An Open Letter to the Little Girl Who Lives Nearby and Screams Like a Banshee All the Time.


Dear Little Girl,

Hello, my name is Darren and I live near you, and I was once a child too.

Youth is a time of wonder, of precociousness and exploration. I urge you to embrace your childhood as much as you can, Little Girl, as you'll miss it when it is gone. I urge you to make the most of every moment. I also urge you to stop that blood-curdling screaming thing you do whenever something does not go your way. Please.

Little Girl, I am in awe of your lung capacity and your vocal chord's ability to remain tethered to your oesophagus in the face of such a gale of exhalation, and while I do understand that screaming is part of growing up and defining yourself in the world, the screams that issue forth from your throat are the kind that are best saved for occasions that truly deserve them.

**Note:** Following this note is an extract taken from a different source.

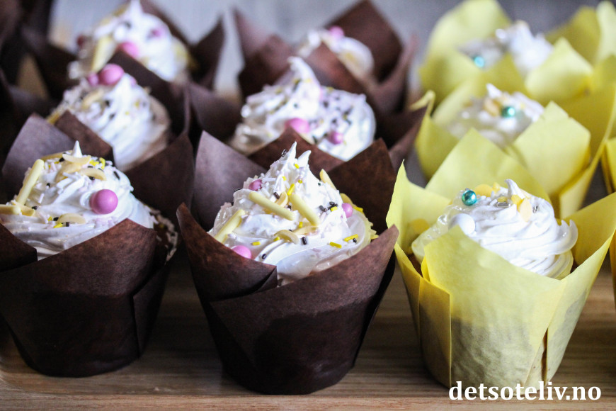 På toppen dekket jeg muffinsene med en fantastisk deilig marengskrem. 😍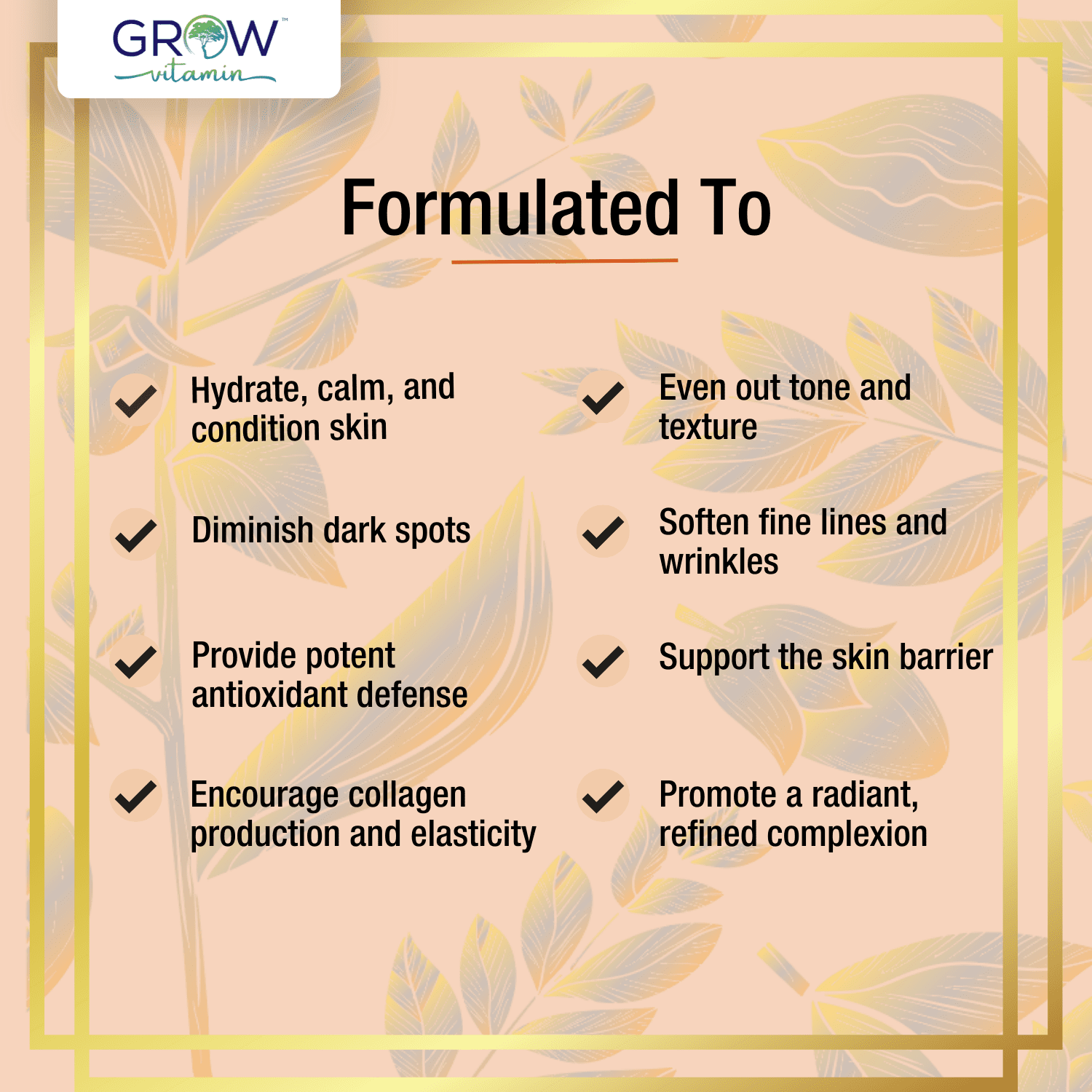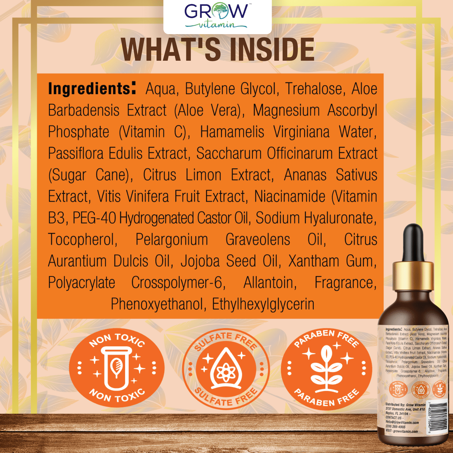 Grow Vitamin chooses not to hide these natural variations with artificial colors and synthetic stabilizers to ensure the formula is kept as pure as possible and because the appearance of the serum has no impact on the effectiveness of the formula.

Some examples Little Girl, would include the moment of dawning horror when you realise your shirt cuff has been caught in the gears of some hulking machine and your arm is being slowly and inexorably drawn towards the threshing teeth, or you have fallen into steep sided pond filled with crocodiles, and you're sliding down the muddy embankment.

The terrible screaming that you are capable of, Little Girl, is not for the playground. They are not for skinned knees, stolen dolls or name-calling. They are not for hair-pulling.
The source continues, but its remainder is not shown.